By Syndication Washington Post, Bloomberg · Craig Trudell, Keith Naughton
While industrywide deliveries are expected to exceed 17 million for an unprecedented fifth consecutive year, sales slowed in the final months of 2019. General Motors and Fiat Chrysler Automobiles reported fourth-quarter sales declines that were largely in line with analyst estimates, while Toyota and Honda posted surprise December decreases.
The good run automakers have been on the last few years is also less impressive beneath the surface. While the number of new vehicles consumers are buying at retail peaked years ago, manufacturers have propped up sales by selling to rental-car companies.

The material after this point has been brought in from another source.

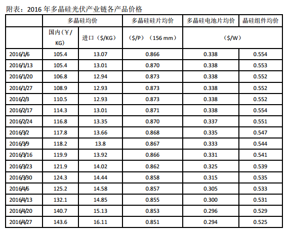 多晶硅價(jià)格漲跌的根本原因只能取決于供需,從2016年初到4月底需求一直維持增長,一季度的增長主要是由于原來未開滿的硅片企業(yè)產(chǎn)能利用率逐漸提升所致,二季度開始的需求持續(xù)旺盛才是新增硅片產(chǎn)能實(shí)質(zhì)釋放的體現(xiàn),隨著二季度產(chǎn)能的逐漸釋放,仍將繼續(xù)推動多晶硅需求增加,使得多晶硅價(jià)格仍有充足的上漲動力。硅片價(jià)格下跌不會成為多晶硅價(jià)格下滑的直接因素,只有到終端需求開始縮減時(shí),硅片電池片企業(yè)開始降低產(chǎn)能利用率,屆時(shí)才會導(dǎo)致多晶硅需求減少,進(jìn)而影響多晶硅價(jià)格。目前在產(chǎn)企業(yè)16家,剛剛恢復(fù)生產(chǎn)的昆明冶研預(yù)計(jì)5月份釋放量在300噸左右,而5月份國內(nèi)檢修企業(yè)影響供應(yīng)量在500噸以上,再加之海關(guān)進(jìn)口嚴(yán)查,供應(yīng)緊張的局勢則更加明顯,因此預(yù)計(jì)多晶硅價(jià)格在6月份之前仍有上漲動力。

Market researcher J.D. Power estimates carmakers spent about $4,600 on incentives per vehicle in the last month of the year, a record.
GM, Fiat Chrysler and Ford Motor Co. shares fell by more than benchmark indexes after a gauge of U.S. manufacturing activity unexpectedly dropped to the worst reading since June 2009. All three stocks trailed the S&P 500 in 2019.
Nissan reported the biggest decline among major automakers, limping over the finish line last year with an almost 30% plunge in December sales. In its first full year without longtime leader Carlos Ghosn, deliveries dropped 9.9%.
A softening economy probably won't be to blame for sales dipping below 17 million this year, says Jeff Schuster, senior vice president of forecasting for researcher LMC Automotive. Instead, he points to sticker shock for buyers on a budget.
"We're expecting a decline to 16.8 million for 2020 because transaction prices are continuing to rise," Schuster said. "The affordability problem is affecting those first-time and entry-level buyers, pushing them to the used-car market. It's not a massive exodus from new-car sales, but that adds additional pressure to that 17 million level and that's why we'll see a dip."